Exercise brief
All lines from the one containing "入选课程覆盖五大类课程类型,其中线上线下" through the final line of the listing below, and no others, must be returned exactly; no pictures belong in the copy.

Given information
= Beginning of Section =

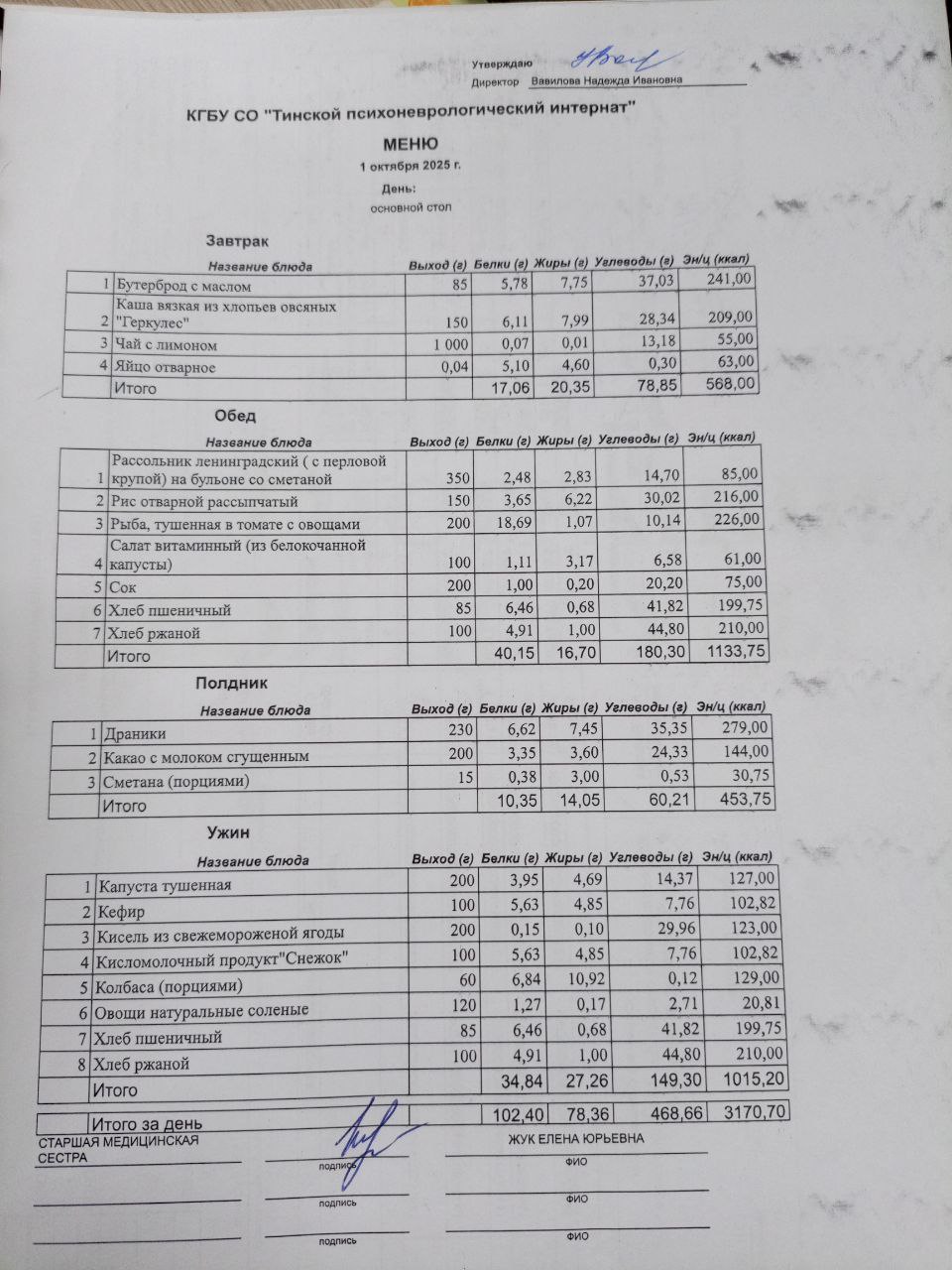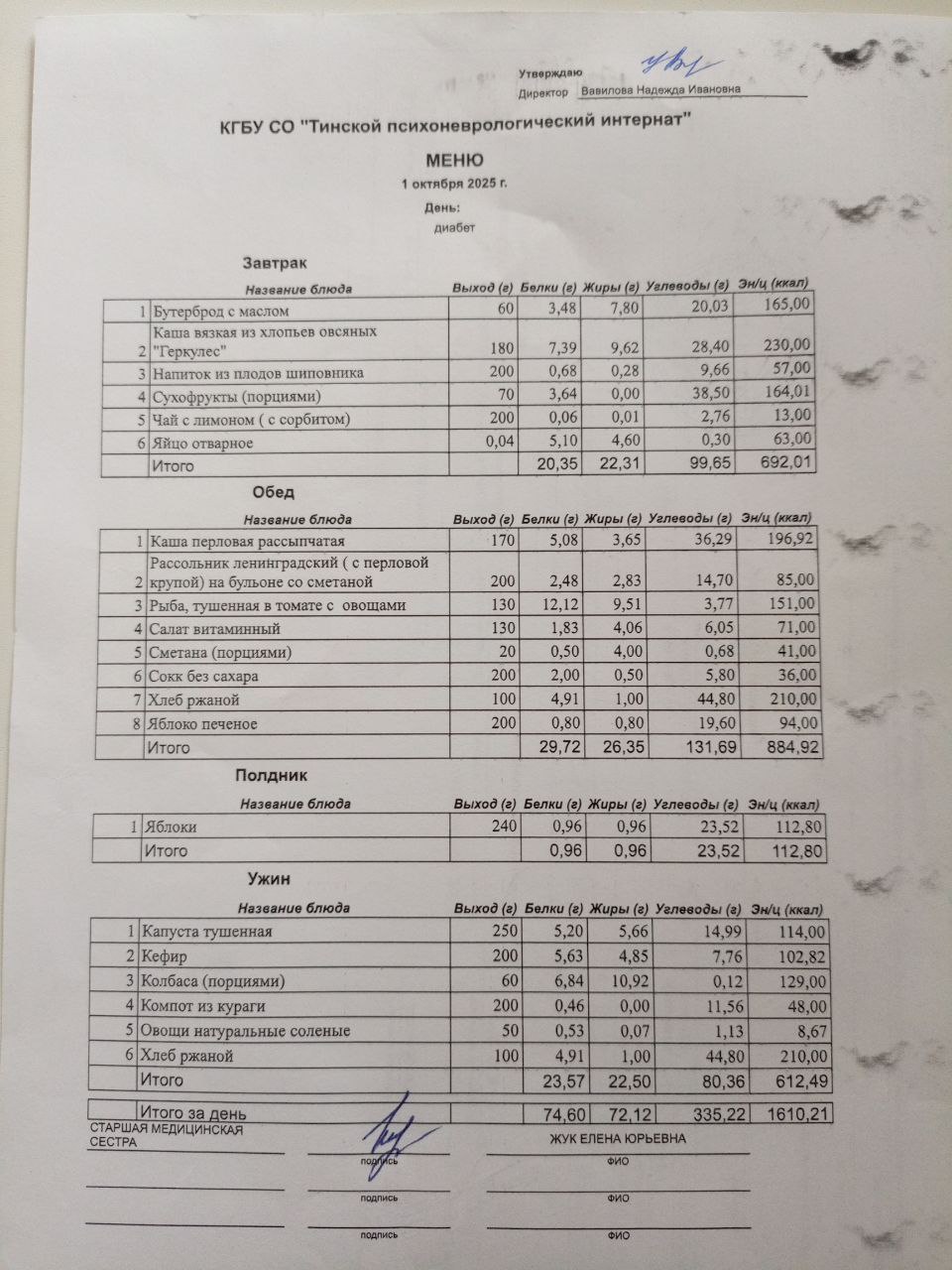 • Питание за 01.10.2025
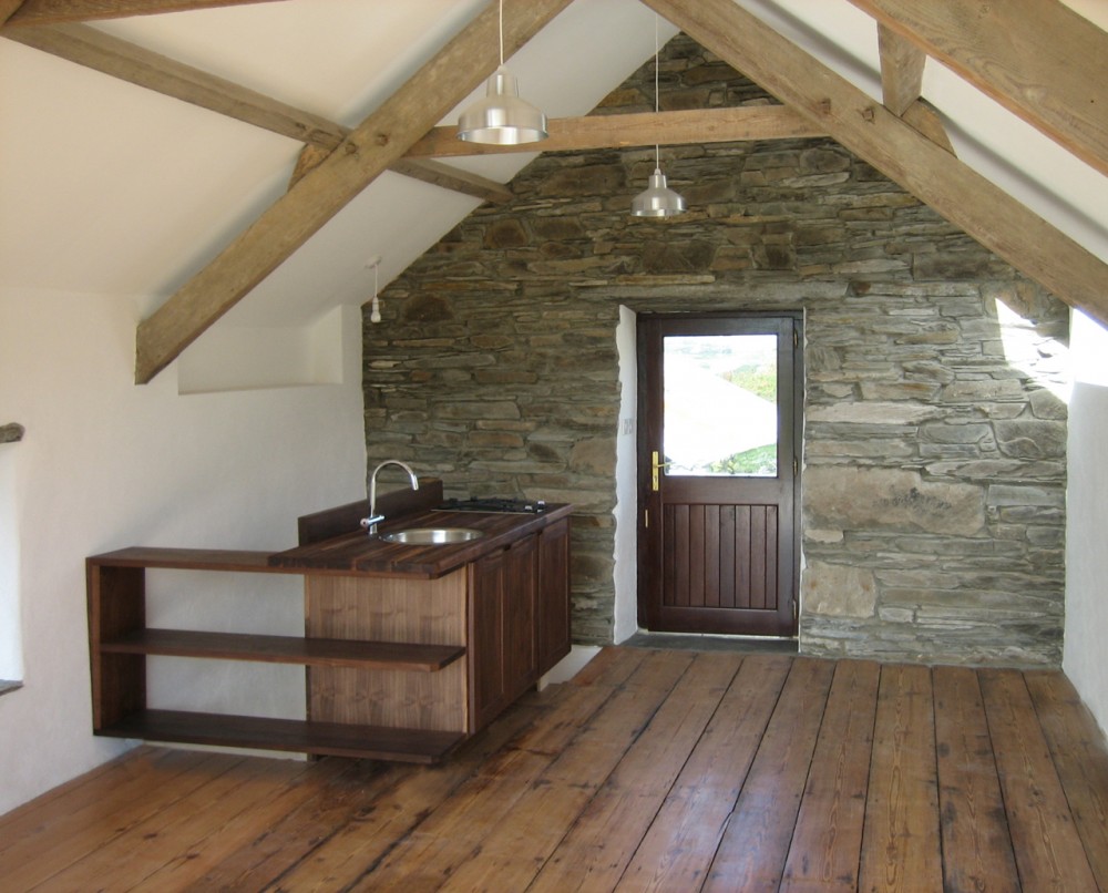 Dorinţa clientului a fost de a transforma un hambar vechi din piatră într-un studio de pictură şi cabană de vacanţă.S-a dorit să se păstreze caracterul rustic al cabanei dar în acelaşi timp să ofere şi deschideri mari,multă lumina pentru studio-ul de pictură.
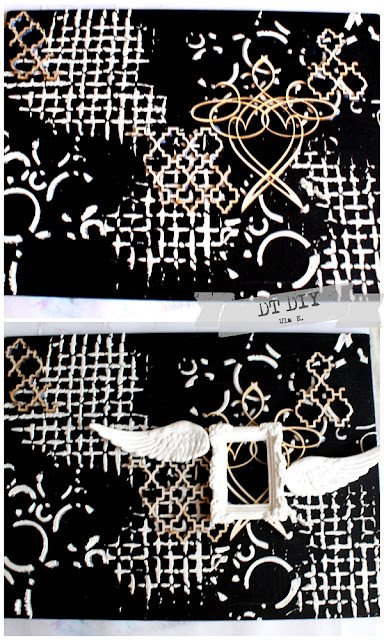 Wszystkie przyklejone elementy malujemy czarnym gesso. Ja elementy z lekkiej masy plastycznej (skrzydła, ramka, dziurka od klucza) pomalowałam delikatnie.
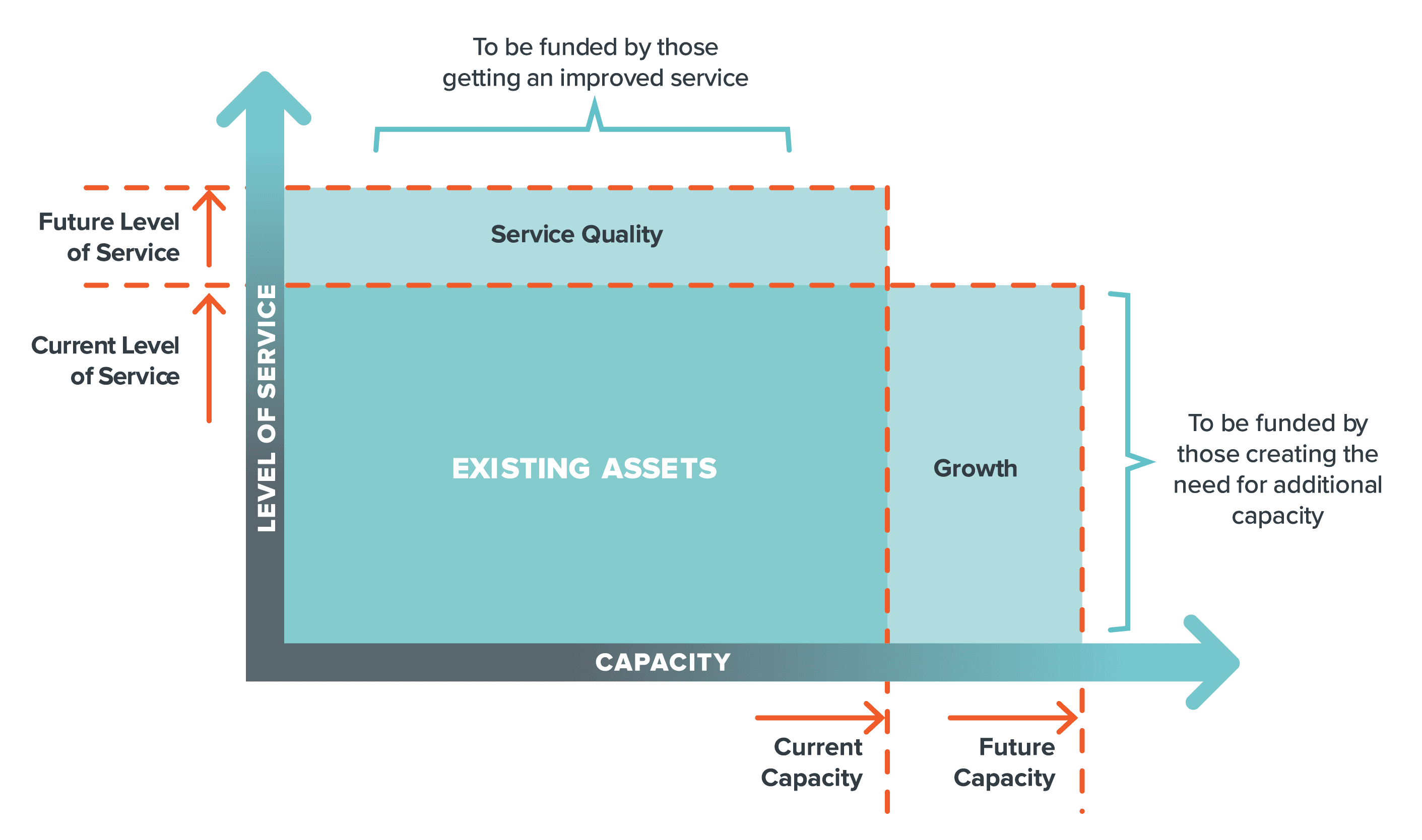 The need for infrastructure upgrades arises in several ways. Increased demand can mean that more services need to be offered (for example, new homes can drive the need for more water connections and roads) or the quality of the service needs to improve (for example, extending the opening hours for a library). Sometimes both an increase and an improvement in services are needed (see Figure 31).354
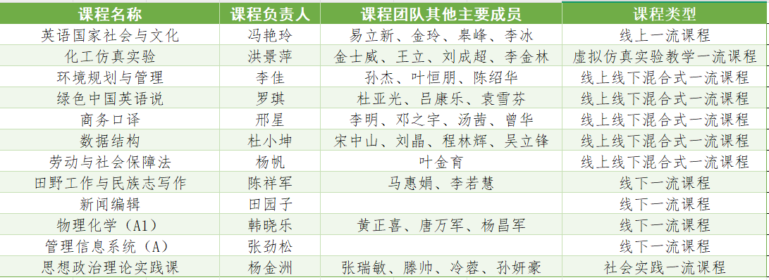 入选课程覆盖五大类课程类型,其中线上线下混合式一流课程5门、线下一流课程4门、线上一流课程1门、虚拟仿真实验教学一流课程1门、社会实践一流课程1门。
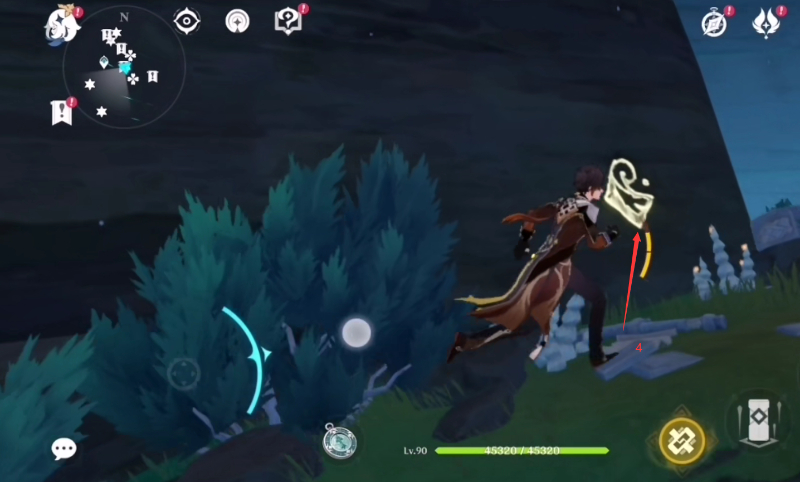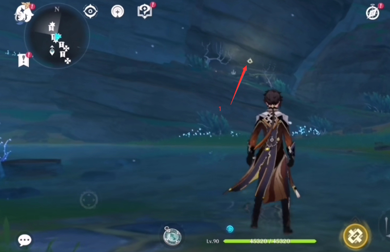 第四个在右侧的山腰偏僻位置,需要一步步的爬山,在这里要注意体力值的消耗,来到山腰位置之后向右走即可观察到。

= End of Section =

Written response
 入选课程覆盖五大类课程类型,其中线上线下混合式一流课程5门、线下一流课程4门、线上一流课程1门、虚拟仿真实验教学一流课程1门、社会实践一流课程1门。
 第四个在右侧的山腰偏僻位置,需要一步步的爬山,在这里要注意体力值的消耗,来到山腰位置之后向右走即可观察到。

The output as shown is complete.